1. Overview of vapor phase corrosion inhibitor

Vapor phase corrosion inhibitor is a new anti-rust material that appeared in the 1940s and was originally used for the protection of ordnance equipment. Because the vapor phase corrosion inhibitor has the characteristics of convenient use, high efficiency, not restricted by the shape of the object, and long protection period, it has been studied a lot and developed very fast. It has become one of the main materials to prevent atmospheric corrosion of metals. Vapor phase corrosion inhibitor is a compound of one or several chemical substances. It only needs to be placed near the metal object and reach the metal surface through volatilization or sublimation, thereby forming a protective film to prevent corrosion of the metal surface. Saturated vapor pressure is generally used to measure its volatility.
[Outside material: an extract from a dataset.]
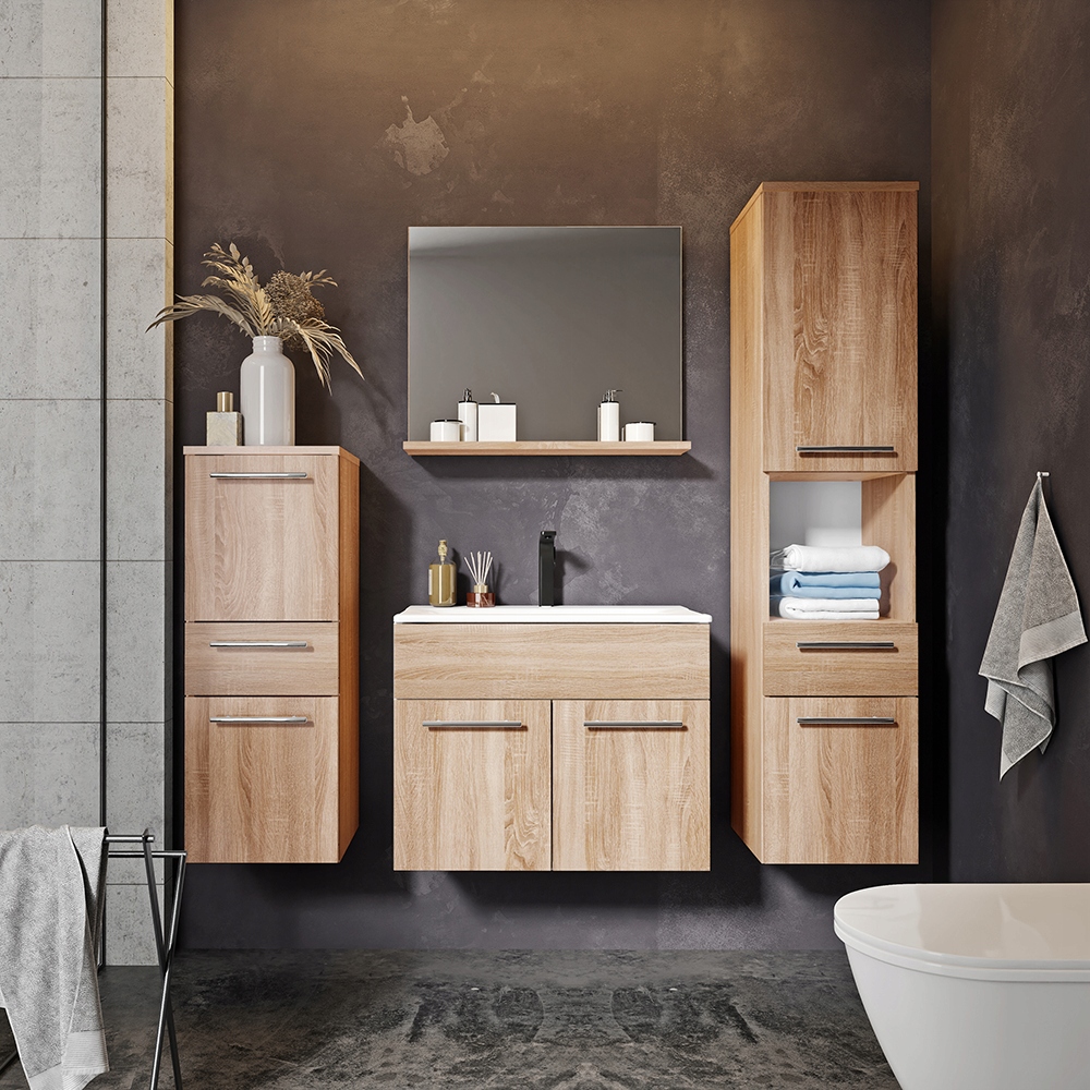 Современный комплект мебели для ванной комнаты, белый глянец + дуб сонома. Набор разработан с учетом пользователя и его комфорта. Он изготовлен из высококачественных материалов с использованием новейших механизмов. Комплект из 4-х элементов.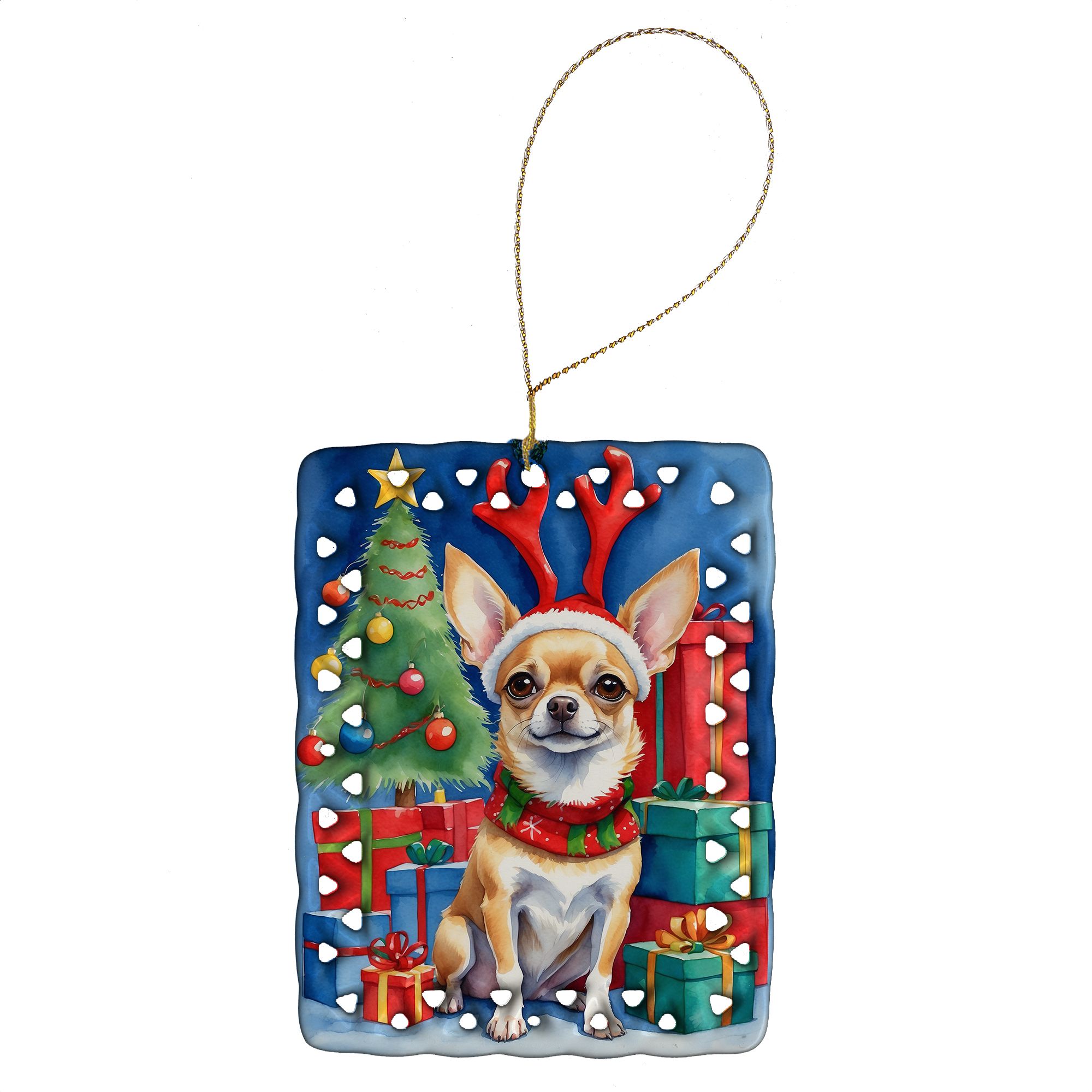 Porcelain Ornament featuring breed specific Chihuahua artwork. Celebrate Christmas with this Christmas Ornament. Add a unique, personal touch to your holiday decor with our Rectangular Lattice Porcelain Ornament. Perfect for creating cherished memories, this high-quality ornament shines under festive lights, reflecting warmth and joy throughout your Christmas tree. Crafted with a glossy finish, it showcases vibrant, full-color artwork contributed by our talented artists, ensuring your tree is adorned with a burst of color and holiday spirit. What sets this Porcelain Ornament apart is its customizable white back. Use a paint pen or permanent marker to write a heartfelt message, commemorate a special year, or mark an unforgettable date, turning this ornament into a keepsake that will be treasured for years to come. For best results, allow any personalization to dry thoroughly before handling. Each ornament comes complete with a delicate gold cord, making it easy to hang and display. Proudly made in the USA, this ornament measures 3.375 x 2.625 inches and is a thoughtful gift for pet sitters, teachers, family members, or anyone who would appreciate a little extra holiday magic. Bring style, charm, and a touch of personal meaning to your Christmas tree with this beautifully designed ornament..

The saturated vapor pressure of vapor phase corrosion inhibitors is generally 0.0133~133.332 Pa. If the saturated vapor pressure of the vapor phase corrosion inhibitor is too large and the volatilization is fast, the anti-rust period is short; the saturated vapor pressure is small, the anti-rust period is long, but the induction period is longer. When choosing a gas phase corrosion inhibitor with synergistic effect, the vapor pressure must be considered.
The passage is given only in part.